Florida environmental groups said Wednesday that the expected closure of an immigration detention center in the middle of the Everglades, likely within the next month or two, is no accident in its timing. The closure coincides with the return of a legal challenge over the facility to the same federal judge who ordered it shut down last year.
A federal appellate court decided last month to keep the detention center operating, blocking the lower court’s order.
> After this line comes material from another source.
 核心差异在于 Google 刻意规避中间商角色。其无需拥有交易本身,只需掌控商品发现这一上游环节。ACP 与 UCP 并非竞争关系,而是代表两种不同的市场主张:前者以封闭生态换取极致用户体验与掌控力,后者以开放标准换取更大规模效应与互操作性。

But the case was sent back to U.S. District Judge Kathleen Williams in Miami, who now regains jurisdiction over the lawsuit as litigation over the facility’s fate continues.
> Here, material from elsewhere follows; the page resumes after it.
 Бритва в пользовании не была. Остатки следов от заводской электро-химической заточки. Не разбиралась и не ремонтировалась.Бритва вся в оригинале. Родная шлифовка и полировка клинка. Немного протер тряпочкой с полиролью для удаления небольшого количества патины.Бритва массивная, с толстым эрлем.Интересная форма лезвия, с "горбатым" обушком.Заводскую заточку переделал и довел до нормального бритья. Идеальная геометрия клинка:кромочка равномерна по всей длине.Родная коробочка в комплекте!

“Knowing that the same district judge who previously enjoined the operation would soon reassume oversight — the defendants are now effectively waving the white flag,” said Paul Schwiep, an attorney for the environmental groups that sued, arguing the facility’s construction had not undergone a required environmental review.
The state-run facility, nicknamed “Alligator Alcatraz,” was opened last July by the administration of Florida Gov. Ron DeSantis, a Republican, to support the immigration crackdown by the administration of President Donald Trump. Trump visited the center last summer. The remote airstrip site sits within the Everglades ecosystem and has drawn sharp criticism over both its environmental footprint and the conditions reported inside.
An attorney for two detainees has accused guards of severely beating and pepper-spraying detainees. Other detainees have reported worms in the food, toilets that do not flush, and pervasive mosquitoes and insects.
“This monument to cruelty, waste and environmental and tribal lands abuse should have never been built,” U.S. Rep. Debbie Wasserman Schultz, a Democrat from Florida, said Tuesday.
Friends of the Everglades and the Center for Biological Diversity sued state and federal officials shortly after the facility opened, claiming the site was not given the environmental impact review required under federal law before being converted into an immigration detention center. Judge Williams agreed in August and ordered the facility to wind down operations within two months. The appellate court blocked that ruling, finding the state-run facility was not under federal control and therefore not required to comply with federal environmental review law.
But Schwiep said the appellate court made clear that once Florida received federal reimbursement for the facility, it would have to comply with the federal environmental law.
DeSantis said Tuesday that the state expected to be reimbursed by the federal government for $608 million, an amount already approved by FEMA.
“There’s no negotiations on that,” DeSantis said Tuesday. On Wednesday, at a news conference in Titusville, he said he had not received “official word” that federal authorities would stop sending detainees.
“We didn’t build any permanent facilities down there because we knew it was going to be temporary,” DeSantis said at the news conference.
Asked about the future of the facility on Wednesday, the governor’s press secretary referred questions to the Florida Department of Emergency Management, which operates the center. The agency did not respond to an emailed inquiry. Vendors who supply and help run the facility have been told the closure could occur as soon as next month, according to reports by The New York Times and CBS News Miami.